In Output 44.1.2, the line style identifies the test, and the plotting symbol identifies the scenario for the correlation between covariate and response. The plotting symbol locations identify actual computed powers; the curves are linear interpolations of these points. As in Example 44.1, the required sample size is highest for the test of LZ1 versus LZ2.
Finally, suppose you want to plot the power for the range of sample sizes you will likely consider for the study (the range of 21 to 275 that achieves 0.9 power for different comparisons). In the POWER statement, identify power as the result (POWER=.), and specify NTOTAL=21. Specify the PLOT statement with X=N to request a plot with sample size on the X axis.
The following statements produce the plot:
proc glmpower data=Fluids2 plotonly; class Altitude Fluid; model LacticAcid = Altitude Fluid; weight CellWgt; contrast "Water vs. others" Fluid -1 -1 -1 -1 4; contrast "EZD vs. LZ" Fluid 1 1 -1 -1 0; contrast "EZD1 vs. EZD2" Fluid 1 -1 0 0 0; contrast "LZ1 vs. LZ2" Fluid 0 0 1 -1 0; power nfractional stddev = 3.5 ncovariates = 1 corrxy = 0.2 0.3 0 alpha = 0.025 ntotal = 21 power = .; plot x=n min=21 max=275; run; ods graphics off;
The MAX=275 option in the PLOT statement sets the maximum sample size value. The MIN= option automatically defaults to the value of 21 from the NTOTAL= option in the POWER statement.

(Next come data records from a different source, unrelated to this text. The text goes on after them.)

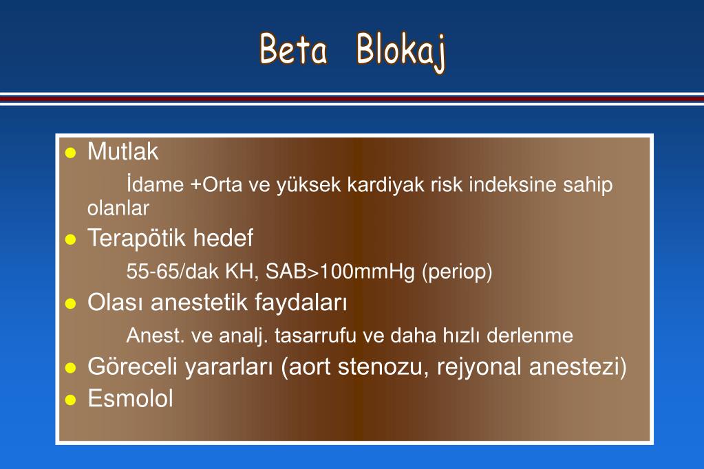 Beta Blokaj • Mutlak İdame +Orta ve yüksek kardiyak riskindeksine sahip olanlar • Terapötik hedef 55-65/dak KH, SAB>100mmHg (periop) • Olası anestetik faydaları Anest. ve analj. tasarrufu ve daha hızlı derlenme • Göreceli yararları (aort stenozu,rejyonal anestezi) • Esmolol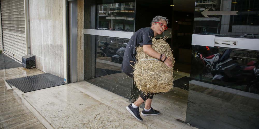 «Όπως εσείς μας ταΐζετε σανό τόσο καιρό, έτσι και εμείς σας φέραμε λίγο» είπαν κατά τη διάρκεια της διαμαρτυρίας τους για την πολιτική που εφαρμόζει το κόμμα του Πάνου Καμμένου , οι δύο «ακτιβιστές».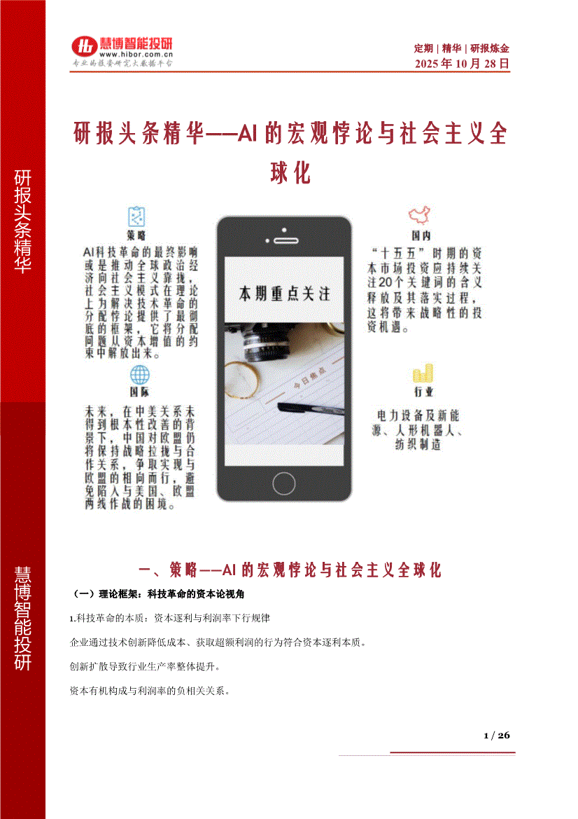 研报:慧博智能投研-慧博研报炼金之研报头条精华:AI的宏观悖论与社会主义全球化-251028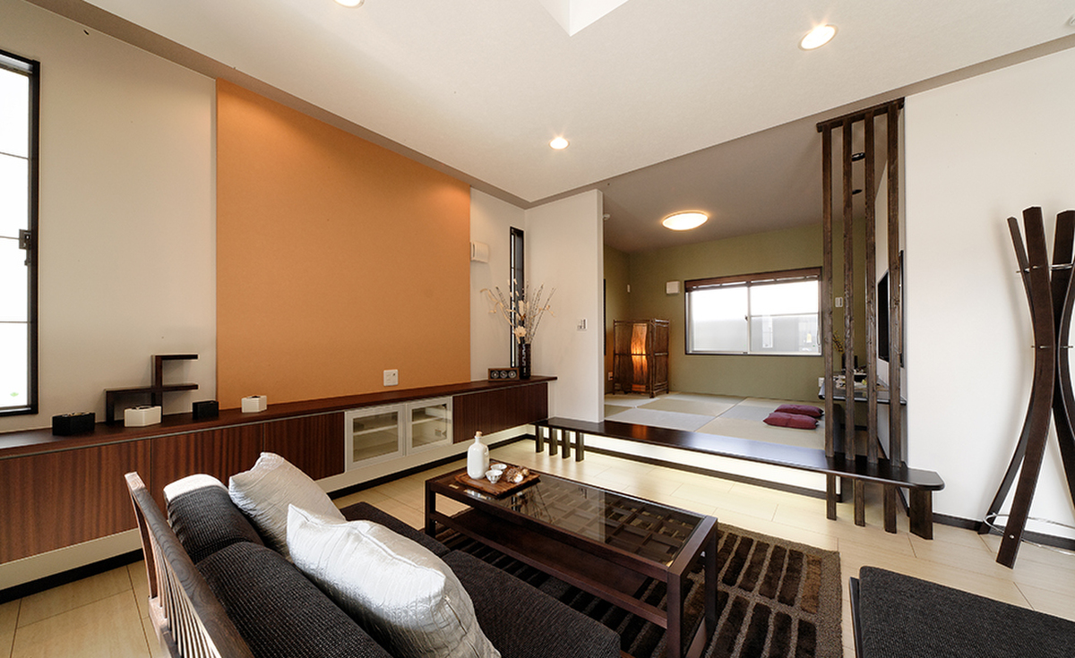 リビングと和室を開放すると広々とした大空間に。段差部分に腰をかけてくつろぐことができる、小上がり和室を採用しました。段差を設けることで、和室にほこりやゴミが入り込むのを防げます。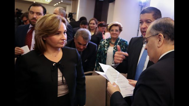 El presidente de la CorteIDH y Juez, Roberto F. Caldas, el Vicepresidente de la CorteIDH, Eduardo Ferrer Mac-Gregor Poisot sostuvieron un encuentro protocolar que contó con la participación del Presidente de la República, Juan Carlos Varela, la Canciller y Vicepresidenta de la República, Isabel de Saint Malo de Alvarado; la Procuradora General de la Nación, Kenia I. Porcell D.; el Procurador de la Administración, Rigoberto González y la ministra de Gobierno, María Luisa Romero, donde conversaron sobre temas generales relativos a los derechos humanos en el país.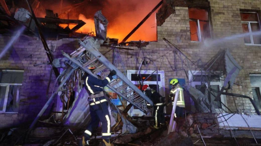 «В ночь на 1 августа враг атаковал город Харьков беспилотниками. Один БПЛА попал в трехэтажное здание учебного заведения Салтовского района. Произошло частичное разрушение конструкций 2-го, 3-го этажей, перекрытия и крыши. Также возник пожар на площади около 200 кв. На месте происшествия работали 9 единиц техники и 50 человек личного состава. В здании предварительно не было людей.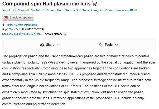 近日,K云体育官方入口王森老师课题组在应用物理学知名期刊《Applied Physics Letters》上发表了题为“Compound Spin Hall Plasmonic Lens”的学术论文。K云体育官方入口为论文唯一署名单位,李杏老师为论文第一作者,王森老师为论文通讯作者。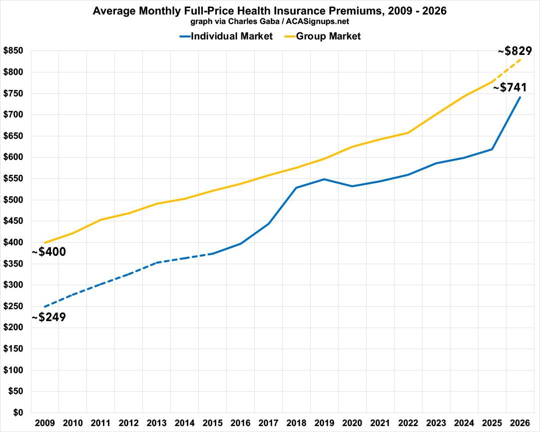 • 2026 ACA plans premiums are ~$741/mo on average, or ~$8,892/yr. Via the ACA's Medical Loss Ratio (MLR) rule, around 20% of that should be the carrier's gross margin, leaving around ~$7,114, which, in theory, should cover around 76.1% of actual medical expenses (in aggregate). This would theoretically put average total medical expenses at around $9,347 per enrollee this year...which means, on average, ACA enrollees should have to spend around $2,233 in out of pocket costs.

See Output 44.2.3 for the plot.
Although Output 44.2.2 and Output 44.2.3 surface essentially the same computations for practical power ranges, they each provide a different quick visual assessment. Output 44.2.2 reveals the range of required sample sizes for powers of interest, and Output 44.2.3 reveals the range of powers achieved for sample sizes of interest.